How an aluminum cabin is born
Three anodising baths, two leather grips, eleven days. Inside the Sonipat atelier where every Cabin Aluminum 55 begins.
The shell arrives flat, in a sheet of aerospace-grade aluminum that catches the light like a freshly laid sword. From sheet to suitcase is eleven working days; from sheet to good suitcase is more like fourteen.
Day 1: the cut
A laser-guided cutting bed scores the panels — front, back, two sides, a base. Each panel is matched by a serial number that will follow it through the build. No two cabins ever leave us with mismatched serials.
Days 2–3: anodising, three times
Anodising is the dance that gives aluminum its skin. Most luggage houses anodise once. We anodise three times, at three different temperatures, to build a depth of finish that catches light differently from every angle. The process is unforgiving — a single dust speck in bath two will be visible for the life of the case.
Day 5: the leather grip
While the shell rests, the leather department is cutting and stitching the carry handle. Four pieces of full-grain saddle leather, hand-stitched in waxed linen, sealed with brass studs that are themselves cut and lacquered in-house.

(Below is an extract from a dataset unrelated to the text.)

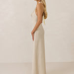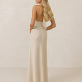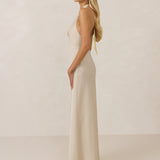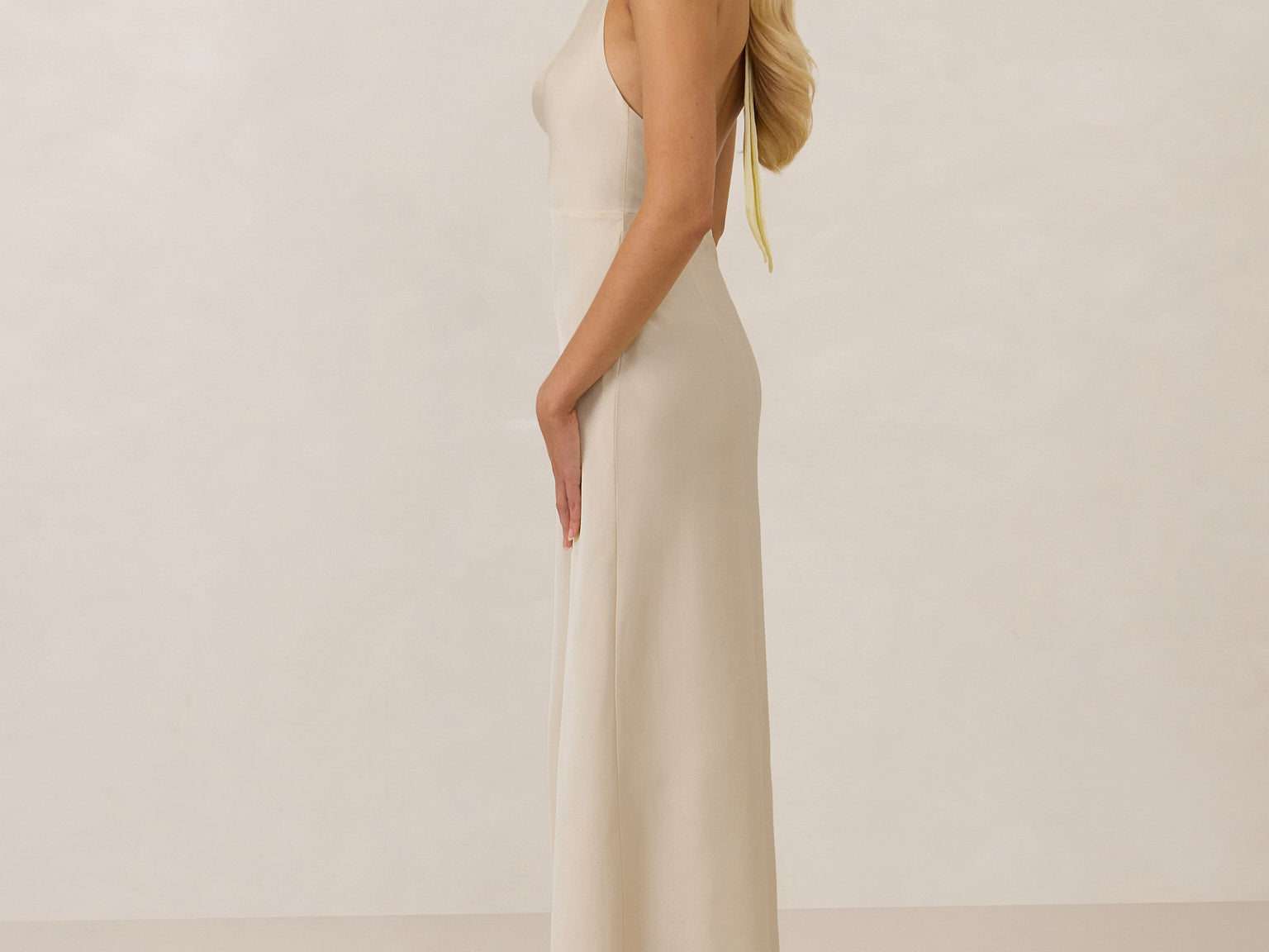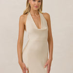 Effortlessly elegant, this bias-cut satin maxi dress features a fluid skirt with a curved thigh-high slit and a draped cowl neckline. Delicate, adjustable cross-back straps complete the look. Perfect for any occasion, it's glossy and flattering.

“It’s not really an aluminum suitcase,” says Ramesh, who runs the leather room. “It’s a leather suitcase with a metal body.”
Days 7–9: assembly and pressure-fit
The corners go on first — solid steel, brass-finished. Then the wheels (Hinomoto, the only ones we trust). Then the lock. Then, by hand, the leather grip, fitted under tension so that it sits taut for years.
Day 10: pressure test
Every shell is closed empty and dropped from one metre, three times. Every wheel is rolled across a treadmill for one kilometre. Every zip and lock is cycled three hundred times. If anything fails, the case goes back to the floor.
Day 11: the heritage plate
The last act is a small one. A serialised brass plate is inset in the inside lid, naming the artisan who finished the case. It is a reminder, to us and the owner, that this is a thing made by somebody.
Then it is wrapped in cotton, packed in its travel sleeve, and sent on.